Problem to solve
Look at each line below and tally those holding "jornada"; answer with that figure and nothing else.

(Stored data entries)
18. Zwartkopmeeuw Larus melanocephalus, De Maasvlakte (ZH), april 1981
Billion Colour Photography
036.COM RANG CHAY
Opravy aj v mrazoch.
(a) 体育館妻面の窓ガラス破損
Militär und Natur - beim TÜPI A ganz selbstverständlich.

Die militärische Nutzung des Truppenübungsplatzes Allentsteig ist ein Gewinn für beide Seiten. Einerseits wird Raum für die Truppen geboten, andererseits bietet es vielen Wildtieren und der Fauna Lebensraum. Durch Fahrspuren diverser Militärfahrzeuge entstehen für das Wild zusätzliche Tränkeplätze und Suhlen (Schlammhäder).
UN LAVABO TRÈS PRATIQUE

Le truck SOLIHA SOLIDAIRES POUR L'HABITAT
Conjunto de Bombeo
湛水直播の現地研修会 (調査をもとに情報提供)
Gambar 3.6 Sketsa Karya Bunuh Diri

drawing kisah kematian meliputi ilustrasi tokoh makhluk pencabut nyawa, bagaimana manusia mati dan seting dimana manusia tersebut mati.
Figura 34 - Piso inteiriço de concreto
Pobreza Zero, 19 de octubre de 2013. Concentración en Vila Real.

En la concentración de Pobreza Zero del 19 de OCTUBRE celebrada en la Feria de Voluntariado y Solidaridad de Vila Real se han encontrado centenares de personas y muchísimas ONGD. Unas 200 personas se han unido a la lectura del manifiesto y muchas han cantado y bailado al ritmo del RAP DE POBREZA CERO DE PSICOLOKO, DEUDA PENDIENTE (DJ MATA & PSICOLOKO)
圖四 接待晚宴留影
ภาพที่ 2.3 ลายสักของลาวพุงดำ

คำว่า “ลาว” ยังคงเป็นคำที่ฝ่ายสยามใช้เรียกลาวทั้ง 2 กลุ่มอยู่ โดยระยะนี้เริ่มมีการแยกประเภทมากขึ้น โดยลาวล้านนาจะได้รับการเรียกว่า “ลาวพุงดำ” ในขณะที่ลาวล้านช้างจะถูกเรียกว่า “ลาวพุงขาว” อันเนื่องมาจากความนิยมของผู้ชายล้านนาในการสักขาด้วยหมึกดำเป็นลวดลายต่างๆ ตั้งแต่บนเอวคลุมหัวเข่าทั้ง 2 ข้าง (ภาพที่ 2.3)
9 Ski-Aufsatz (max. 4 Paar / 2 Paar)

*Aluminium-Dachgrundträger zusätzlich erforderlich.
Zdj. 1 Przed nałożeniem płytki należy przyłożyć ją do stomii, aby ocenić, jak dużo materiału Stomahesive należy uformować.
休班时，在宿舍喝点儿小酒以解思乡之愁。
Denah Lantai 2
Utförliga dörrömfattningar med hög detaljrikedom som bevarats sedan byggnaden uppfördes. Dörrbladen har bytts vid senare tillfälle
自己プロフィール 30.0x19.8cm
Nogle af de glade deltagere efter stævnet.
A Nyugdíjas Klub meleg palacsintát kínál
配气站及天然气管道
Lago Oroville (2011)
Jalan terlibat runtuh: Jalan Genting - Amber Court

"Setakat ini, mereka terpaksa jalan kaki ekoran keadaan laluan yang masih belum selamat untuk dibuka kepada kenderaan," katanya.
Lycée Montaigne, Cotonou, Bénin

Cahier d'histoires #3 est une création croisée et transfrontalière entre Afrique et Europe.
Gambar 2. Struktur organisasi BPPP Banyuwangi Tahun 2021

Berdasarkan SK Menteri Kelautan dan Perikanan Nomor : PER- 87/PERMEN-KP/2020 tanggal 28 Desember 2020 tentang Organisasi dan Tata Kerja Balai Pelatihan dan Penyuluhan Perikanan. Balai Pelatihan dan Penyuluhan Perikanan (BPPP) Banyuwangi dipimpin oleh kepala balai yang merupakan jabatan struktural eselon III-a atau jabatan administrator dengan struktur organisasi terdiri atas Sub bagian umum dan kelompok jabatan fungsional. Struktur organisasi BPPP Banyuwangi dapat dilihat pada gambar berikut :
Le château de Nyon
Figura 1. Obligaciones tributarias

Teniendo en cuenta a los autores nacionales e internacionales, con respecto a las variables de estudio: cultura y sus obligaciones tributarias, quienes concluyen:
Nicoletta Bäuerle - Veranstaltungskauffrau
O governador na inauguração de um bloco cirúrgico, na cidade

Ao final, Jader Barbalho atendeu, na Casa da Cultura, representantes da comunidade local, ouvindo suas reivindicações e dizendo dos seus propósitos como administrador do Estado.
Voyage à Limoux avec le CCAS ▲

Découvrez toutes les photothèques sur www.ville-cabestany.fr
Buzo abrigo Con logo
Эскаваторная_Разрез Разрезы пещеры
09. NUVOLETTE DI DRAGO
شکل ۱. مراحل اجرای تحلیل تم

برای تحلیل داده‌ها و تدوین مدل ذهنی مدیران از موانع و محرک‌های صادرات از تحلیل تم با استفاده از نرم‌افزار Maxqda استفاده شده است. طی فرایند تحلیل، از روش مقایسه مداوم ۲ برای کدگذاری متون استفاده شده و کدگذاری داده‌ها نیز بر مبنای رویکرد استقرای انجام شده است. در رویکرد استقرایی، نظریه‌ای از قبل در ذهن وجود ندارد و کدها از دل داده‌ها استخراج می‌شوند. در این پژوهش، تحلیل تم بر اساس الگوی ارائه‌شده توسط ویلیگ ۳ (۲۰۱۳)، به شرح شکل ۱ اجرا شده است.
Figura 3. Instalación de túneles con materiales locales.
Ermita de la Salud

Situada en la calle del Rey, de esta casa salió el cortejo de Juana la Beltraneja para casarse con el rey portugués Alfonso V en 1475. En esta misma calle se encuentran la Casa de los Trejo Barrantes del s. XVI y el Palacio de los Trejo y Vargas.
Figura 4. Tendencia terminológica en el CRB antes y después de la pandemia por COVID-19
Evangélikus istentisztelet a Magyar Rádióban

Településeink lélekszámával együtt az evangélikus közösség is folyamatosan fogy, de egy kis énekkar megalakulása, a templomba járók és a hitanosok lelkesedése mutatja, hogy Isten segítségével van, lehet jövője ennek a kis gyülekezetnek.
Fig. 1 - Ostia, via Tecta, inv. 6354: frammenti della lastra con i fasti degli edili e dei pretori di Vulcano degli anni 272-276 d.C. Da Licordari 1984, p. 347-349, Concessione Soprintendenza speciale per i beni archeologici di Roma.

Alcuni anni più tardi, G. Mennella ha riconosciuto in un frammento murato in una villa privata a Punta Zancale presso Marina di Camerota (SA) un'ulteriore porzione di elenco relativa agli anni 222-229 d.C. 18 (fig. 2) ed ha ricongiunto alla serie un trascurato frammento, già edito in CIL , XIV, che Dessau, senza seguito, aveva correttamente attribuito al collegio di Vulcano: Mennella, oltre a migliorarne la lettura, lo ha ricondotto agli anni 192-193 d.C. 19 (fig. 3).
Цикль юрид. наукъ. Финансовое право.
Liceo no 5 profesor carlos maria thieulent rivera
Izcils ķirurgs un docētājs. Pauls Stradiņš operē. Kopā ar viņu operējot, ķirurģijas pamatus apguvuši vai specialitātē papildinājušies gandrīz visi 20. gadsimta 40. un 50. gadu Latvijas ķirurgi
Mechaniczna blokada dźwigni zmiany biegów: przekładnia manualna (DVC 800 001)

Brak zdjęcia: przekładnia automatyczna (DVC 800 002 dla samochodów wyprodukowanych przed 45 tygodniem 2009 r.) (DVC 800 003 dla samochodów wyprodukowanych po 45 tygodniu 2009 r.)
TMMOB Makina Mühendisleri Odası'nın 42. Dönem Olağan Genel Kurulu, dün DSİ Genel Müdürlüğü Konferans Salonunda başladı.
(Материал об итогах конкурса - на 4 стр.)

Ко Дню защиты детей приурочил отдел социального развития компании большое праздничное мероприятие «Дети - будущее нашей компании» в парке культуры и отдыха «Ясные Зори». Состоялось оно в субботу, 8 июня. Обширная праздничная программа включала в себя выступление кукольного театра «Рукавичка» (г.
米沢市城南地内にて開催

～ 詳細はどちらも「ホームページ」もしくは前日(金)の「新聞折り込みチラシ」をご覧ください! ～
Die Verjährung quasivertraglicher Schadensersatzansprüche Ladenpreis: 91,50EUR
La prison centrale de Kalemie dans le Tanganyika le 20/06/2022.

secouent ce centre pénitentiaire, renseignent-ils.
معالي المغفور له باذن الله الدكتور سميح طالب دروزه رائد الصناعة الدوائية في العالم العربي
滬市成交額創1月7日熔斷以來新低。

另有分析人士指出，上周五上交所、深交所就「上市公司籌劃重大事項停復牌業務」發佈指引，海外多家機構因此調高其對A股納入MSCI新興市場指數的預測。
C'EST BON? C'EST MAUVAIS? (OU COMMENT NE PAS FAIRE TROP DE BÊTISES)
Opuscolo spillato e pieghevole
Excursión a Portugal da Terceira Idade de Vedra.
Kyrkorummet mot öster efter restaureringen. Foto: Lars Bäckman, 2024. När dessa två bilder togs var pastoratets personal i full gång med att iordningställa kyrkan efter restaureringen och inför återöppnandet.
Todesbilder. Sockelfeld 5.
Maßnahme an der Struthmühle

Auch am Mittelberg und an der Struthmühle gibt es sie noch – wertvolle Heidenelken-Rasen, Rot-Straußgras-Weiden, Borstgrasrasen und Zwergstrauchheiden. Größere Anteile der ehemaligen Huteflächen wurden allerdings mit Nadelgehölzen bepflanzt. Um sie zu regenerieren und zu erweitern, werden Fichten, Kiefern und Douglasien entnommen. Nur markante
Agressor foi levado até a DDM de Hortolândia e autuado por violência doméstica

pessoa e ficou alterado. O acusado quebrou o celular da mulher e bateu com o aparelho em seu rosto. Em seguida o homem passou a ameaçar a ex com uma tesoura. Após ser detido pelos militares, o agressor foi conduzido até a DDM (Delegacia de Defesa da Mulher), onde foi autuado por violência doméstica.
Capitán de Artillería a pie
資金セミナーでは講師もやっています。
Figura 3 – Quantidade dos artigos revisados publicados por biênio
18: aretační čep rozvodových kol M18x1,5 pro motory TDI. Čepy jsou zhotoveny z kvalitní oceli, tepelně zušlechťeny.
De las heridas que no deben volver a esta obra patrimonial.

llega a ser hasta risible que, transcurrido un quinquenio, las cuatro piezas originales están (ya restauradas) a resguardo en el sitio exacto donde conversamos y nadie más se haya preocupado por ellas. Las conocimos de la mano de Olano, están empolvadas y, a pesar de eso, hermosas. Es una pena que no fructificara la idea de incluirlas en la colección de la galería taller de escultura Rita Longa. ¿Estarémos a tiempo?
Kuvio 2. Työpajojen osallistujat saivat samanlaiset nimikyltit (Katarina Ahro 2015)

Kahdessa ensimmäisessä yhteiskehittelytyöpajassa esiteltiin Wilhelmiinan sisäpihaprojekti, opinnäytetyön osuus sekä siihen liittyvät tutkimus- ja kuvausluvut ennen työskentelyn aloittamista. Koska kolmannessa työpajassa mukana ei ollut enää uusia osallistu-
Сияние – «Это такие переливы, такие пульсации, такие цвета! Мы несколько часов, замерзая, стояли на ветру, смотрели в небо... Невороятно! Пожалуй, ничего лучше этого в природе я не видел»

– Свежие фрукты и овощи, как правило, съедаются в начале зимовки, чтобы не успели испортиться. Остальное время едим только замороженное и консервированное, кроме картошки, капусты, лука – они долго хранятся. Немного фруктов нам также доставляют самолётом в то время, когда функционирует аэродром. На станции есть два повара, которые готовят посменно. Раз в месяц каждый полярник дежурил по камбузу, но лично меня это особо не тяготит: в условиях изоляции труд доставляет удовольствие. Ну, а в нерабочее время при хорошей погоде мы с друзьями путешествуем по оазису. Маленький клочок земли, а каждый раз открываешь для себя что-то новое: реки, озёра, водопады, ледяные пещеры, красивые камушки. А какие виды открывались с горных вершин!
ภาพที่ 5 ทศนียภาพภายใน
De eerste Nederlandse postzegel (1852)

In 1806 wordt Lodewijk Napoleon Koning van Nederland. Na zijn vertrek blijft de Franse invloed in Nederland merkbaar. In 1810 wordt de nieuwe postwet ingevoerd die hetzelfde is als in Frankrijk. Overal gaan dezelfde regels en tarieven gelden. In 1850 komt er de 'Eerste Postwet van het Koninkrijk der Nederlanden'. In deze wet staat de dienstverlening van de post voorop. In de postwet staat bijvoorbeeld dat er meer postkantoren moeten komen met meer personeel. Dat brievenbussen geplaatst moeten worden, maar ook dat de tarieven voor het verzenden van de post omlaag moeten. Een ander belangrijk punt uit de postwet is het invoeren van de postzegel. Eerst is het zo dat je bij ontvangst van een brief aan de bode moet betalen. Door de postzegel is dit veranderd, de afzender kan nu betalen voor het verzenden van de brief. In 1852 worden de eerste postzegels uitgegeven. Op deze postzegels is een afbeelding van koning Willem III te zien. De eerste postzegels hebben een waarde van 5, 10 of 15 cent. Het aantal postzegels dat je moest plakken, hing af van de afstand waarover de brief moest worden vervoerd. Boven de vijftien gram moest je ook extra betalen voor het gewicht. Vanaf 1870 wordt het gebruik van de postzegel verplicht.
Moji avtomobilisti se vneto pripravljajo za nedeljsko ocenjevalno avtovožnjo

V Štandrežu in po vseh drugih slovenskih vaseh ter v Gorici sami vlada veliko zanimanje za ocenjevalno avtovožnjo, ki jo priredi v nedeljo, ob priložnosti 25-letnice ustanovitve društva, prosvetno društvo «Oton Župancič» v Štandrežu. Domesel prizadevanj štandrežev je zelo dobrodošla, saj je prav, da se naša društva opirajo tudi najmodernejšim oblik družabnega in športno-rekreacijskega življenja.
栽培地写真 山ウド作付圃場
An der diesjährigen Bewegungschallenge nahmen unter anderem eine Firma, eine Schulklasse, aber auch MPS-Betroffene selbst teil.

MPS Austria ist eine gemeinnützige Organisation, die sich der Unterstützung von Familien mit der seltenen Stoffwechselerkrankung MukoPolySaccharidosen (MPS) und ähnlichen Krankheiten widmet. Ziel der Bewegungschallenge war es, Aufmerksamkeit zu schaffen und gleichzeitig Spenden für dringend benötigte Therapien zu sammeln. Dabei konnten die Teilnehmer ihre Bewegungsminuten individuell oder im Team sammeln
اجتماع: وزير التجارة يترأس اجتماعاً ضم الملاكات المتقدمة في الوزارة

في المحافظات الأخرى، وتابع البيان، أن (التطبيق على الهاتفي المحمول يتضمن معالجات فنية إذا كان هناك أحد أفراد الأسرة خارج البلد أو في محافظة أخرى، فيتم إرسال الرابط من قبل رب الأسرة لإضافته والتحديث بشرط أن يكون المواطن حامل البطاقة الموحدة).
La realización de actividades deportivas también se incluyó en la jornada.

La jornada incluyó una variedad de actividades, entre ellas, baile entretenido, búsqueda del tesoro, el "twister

Completed task
2